The Company is subject to taxation in the United States and two state jurisdictions.  The preparation of tax returns requires management to interpret the applicable tax laws and regulations in effect in such jurisdictions, which could affect the amount of tax paid by the Company. Management, in consultation with its tax advisors, files its tax returns based on interpretations that are believed to be reasonable under the circumstances. The income tax returns, however, are subject to routine reviews by the various taxing authorities.  As part of these reviews, a taxing authority may disagree with respect to the tax positions taken by management (“uncertain tax positions”) and therefore may require the Company to pay additional taxes. Management evaluates the requirement for additional tax accruals, including interest and penalties, which the Company could incur as a result of the ultimate resolution of its uncertain tax positions. Management reviews and updates the accrual for uncertain tax positions as more definitive information becomes available from taxing authorities, completion of tax audits, expiration of statute of limitations, or upon occurrence of other events.

 

As of September 30, 2013, there was no liability for income tax associated with unrecognized tax benefits.

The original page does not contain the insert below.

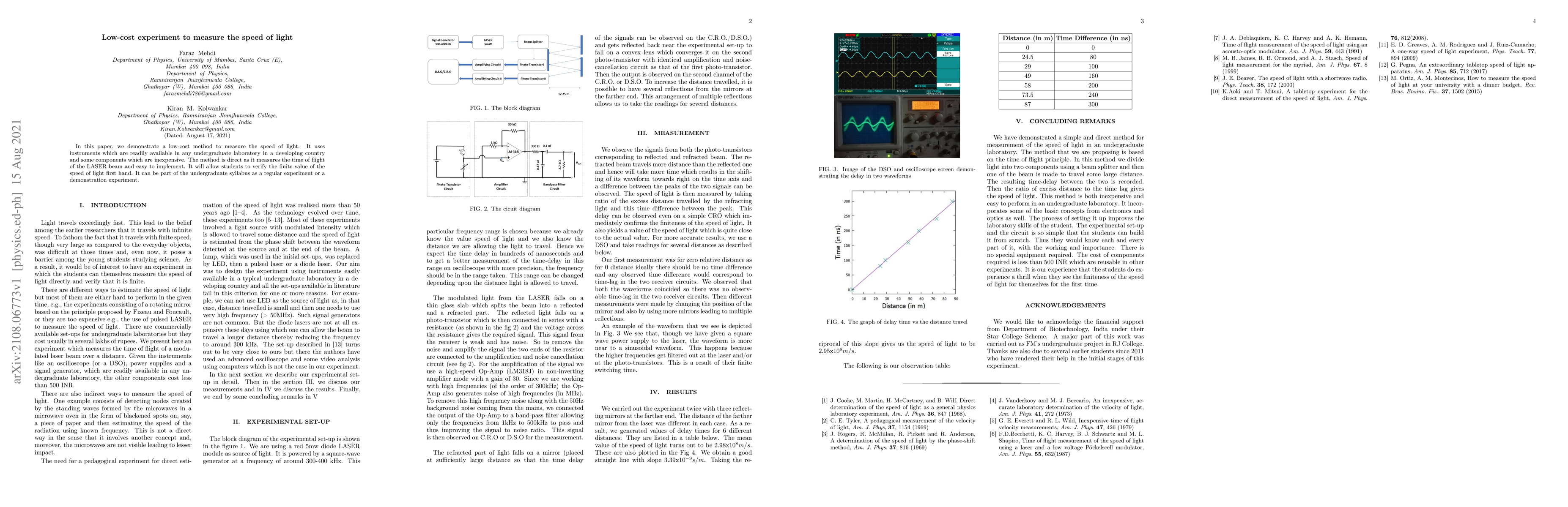 In this paper, we demonstrate a low-cost method to measure the speed of light. It uses instruments which are readily available in any undergraduate laboratory in a developing country and some components which are inexpensive. The method is direct as it measures the time of flight of the LASER beam and easy to implement. It will allow students to verify the finite value of the speed of light first hand. It can be part of the undergraduate syllabus as a regular experiment or a demonstration experiment.

The Company recognizes accrued interest related to unrecognized tax benefits as well as any related penalties in interest income or expense in its consolidated condensed statements of operations, which is consistent with the recognition of these items in prior reporting periods.

 

With few exceptions, the Company is no longer subject to U.S. federal, state, local, and non-U.S. income tax examination by tax authorities for tax years before 2008.